The learning of function $\hat{f}$ can be regarded as a binary classification problem. There are 4 main steps of our supervised-learning based method MTNN. First, we need to construct the training and testing data sets with proper preprocessing of data by benchmarking the performance of NT and TNN. Second, we learn a decision model (i.e., $\hat{f})$ from training samples with supervised machine learning algorithms. Third, we evaluate the learned model on the testing data set. Lastly, we apply the trained model to predict the better implementation (i.e., NT or TNN) in calculating $C=A\times B^{T}$ .

V-A Data Collection

According to the results in Fig. 1, we choose a range of matrices with sizes in $S=\{2^{i}|i=7,8,...,16\}$ . In other words, for all $m$ , $n$ and $k$ ( $m\in S,n\in S,k\in S$ ), which has 1000 combinations, we measure the performances of NT and TNN in calculating $C=A\times B^{T}$ . Let $P_{NT}(m,n,k)$ and $P_{TNN}(m,n,k)$ denote the performance of NT and TNN respectively with two matrices A and B, where $\textit{A}\in R^{m\times k}$ and $\textit{B}\in R^{n\times k}$ . The difference value between $P_{NT}(m,n,k)$ and $P_{TNN}(m,n,k)$ is denoted by $D(m,n,k)$ . If $D(m,n,k)\geq 0$ , then $label=1$ , otherwise $label=-1$ . Each record is with the following format:

( $m$ , $n$ , $k$ ), $label$

For each type of GPU, 1000 cases are tested; but some samples that cannot be fitted into memory are not included into the evaluation. So the number of valid samples on each GPU is less than 1000, and the sample distribution is shown in Table II.
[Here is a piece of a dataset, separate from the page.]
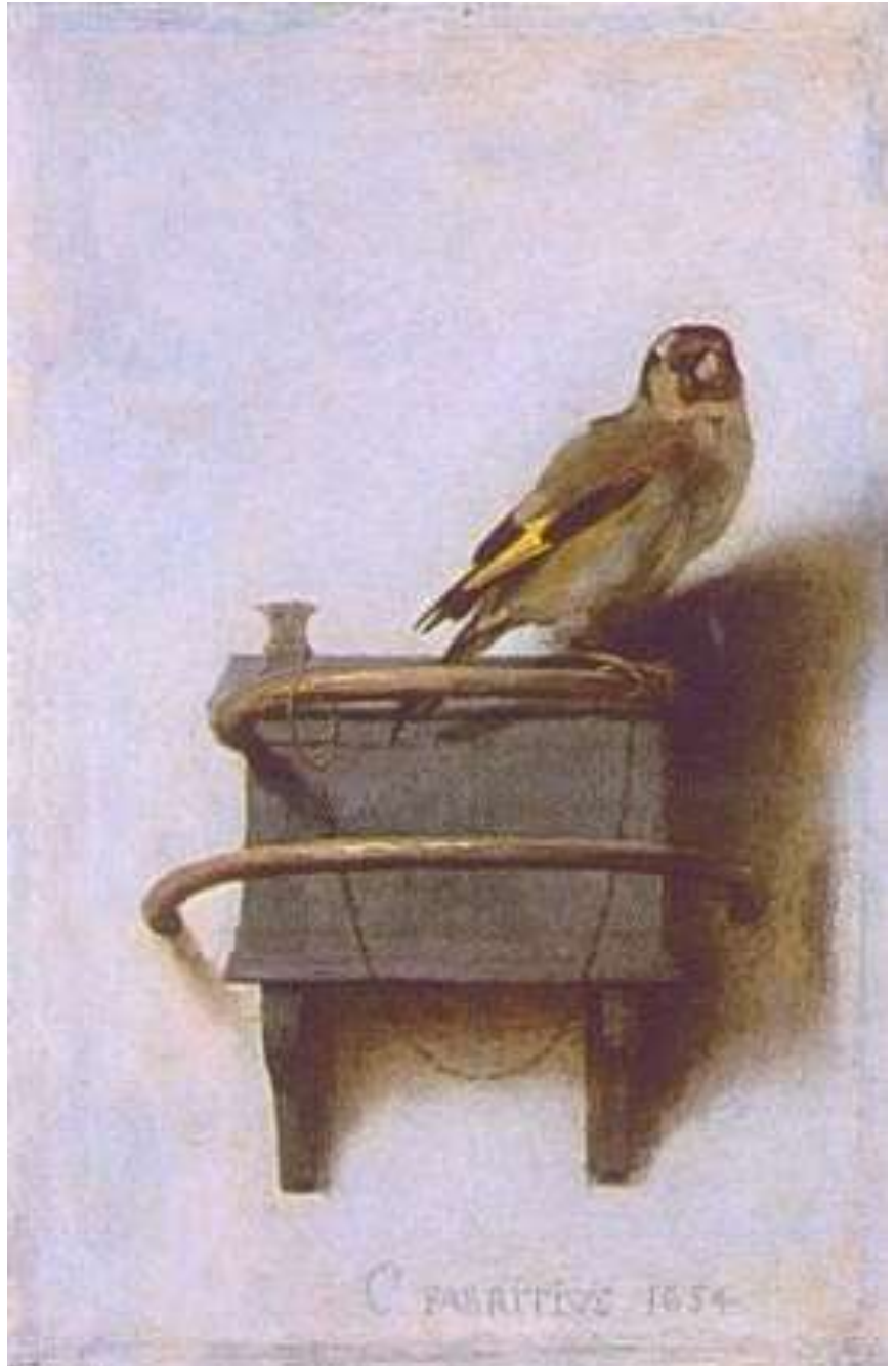
Carel Fabritius, Het puttertje, ca. 1654 Paneel, 33,5 x 22,8 cm, Mauritshuis, Den Haag

Fabritius' Gezicht in Delft, De schildwacht en Het puttertje, alle drie uit zijn Delftse periode, behoren tot de onbetwiste topstukken van de Hollandse schilderkunst. Het Gezicht in Delft is geschilderd als achterwand van een zogenaamde perspectiefkast: de voorstelling moest bekeken worden door een kleine opening in de voorzijde. Dergelijke constructies waren destijds vooral in Delft bijzonder populair en bronnen bevestigen dat ook Fabritius zulke kijkkasten gemaakt heeft. Op het platte vlak is het perspectief van de

Besides the variety of input size of matrices, the GPU platform can also be different. Thus, we need to extract the features to represent different GPUs. The details of tested GPUs are shown in Table III, which are used as input features of the GPU platform.
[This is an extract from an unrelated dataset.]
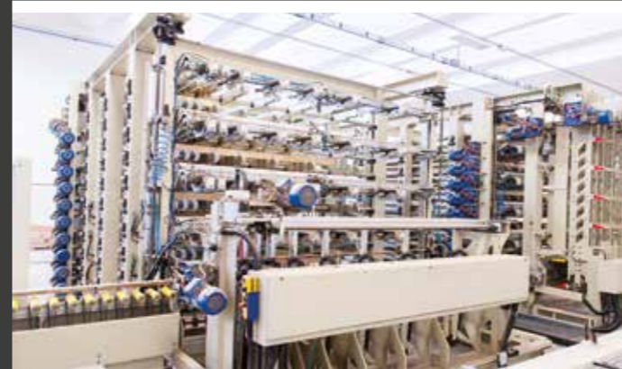
Linea di produzione a fase unica | Single stage production line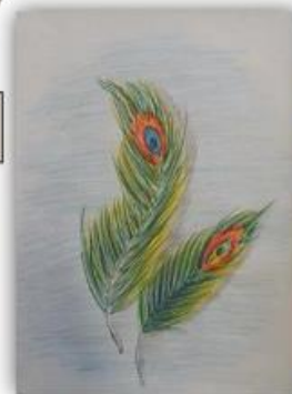
Una Omerhodžić, VI-1

Combined with different values of the characteristics of GPU in Table III, the input sample x is formed as an 8-dimension (5 dimensions from GPU specification and 3 dimensions from matrices size). The first 5 dimensions are global memory ( $gm$ ), the number of SMs ( $sm$ ), core clock ( $cc$ ), memory bus width ( $mbw$ ) and the size of L2 cache ( $l2c$ ). Note that the feature generation is an $O(1)$ computation, which is crucial to reduce the overhead of using the predictor in runtime. The final format of input sample x is as follows:

( $gm,sm,cc,mbw,l2c,m,n,k$ ), $label$

We do not need to normalize the input feature by using decision tree learning algorithms. By contrast, each dimension of the input feature should be normalized to the range of (0, 1) when training SVMs.

V-B Model Training

Given the training set: $\textbf{S}=\{\textbf{x}|\textbf{x}=(G,m,n,k)\}$ , where $G$ is the feature combination in Table III, we want to learn function: $\hat{f}$ , where

[TABLE]

If $\hat{f}(\textbf{x})=-1$ , then we choose TNN, otherwise we choose NT.
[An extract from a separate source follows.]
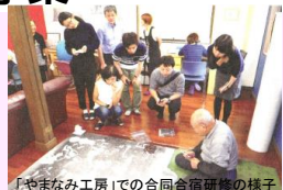
「やまなみ工房」での合同合宿研修の様子

藝大生と福祉施設の利用者の共同の創作活動を通じて、支援する、支援されるという関係ではなく、作家同士、人間同士の関係を構築。

Learning Algorithm. SVM [22] is a power tool learning algorithm in solving classification problems. And it has been successfully applied to solve algorithm selection problems related to matrix-matrix multiplication [9][10]. Another powerful learning algorithm: decision tree (DT) is also prosperously used in solving the problem of automatic best algorithm selection [11], and there is an extended algorithm of decision tree named gradient boosted decision tree (GBDT) [23][24].

In this paper, we choose GBDT as our learning algorithm for three main reasons:

It does not require the input feature normalization since the decision tree is a recursive partitioning based algorithm, which reduces the overhead the feature preprocess in runtime. 2. 2.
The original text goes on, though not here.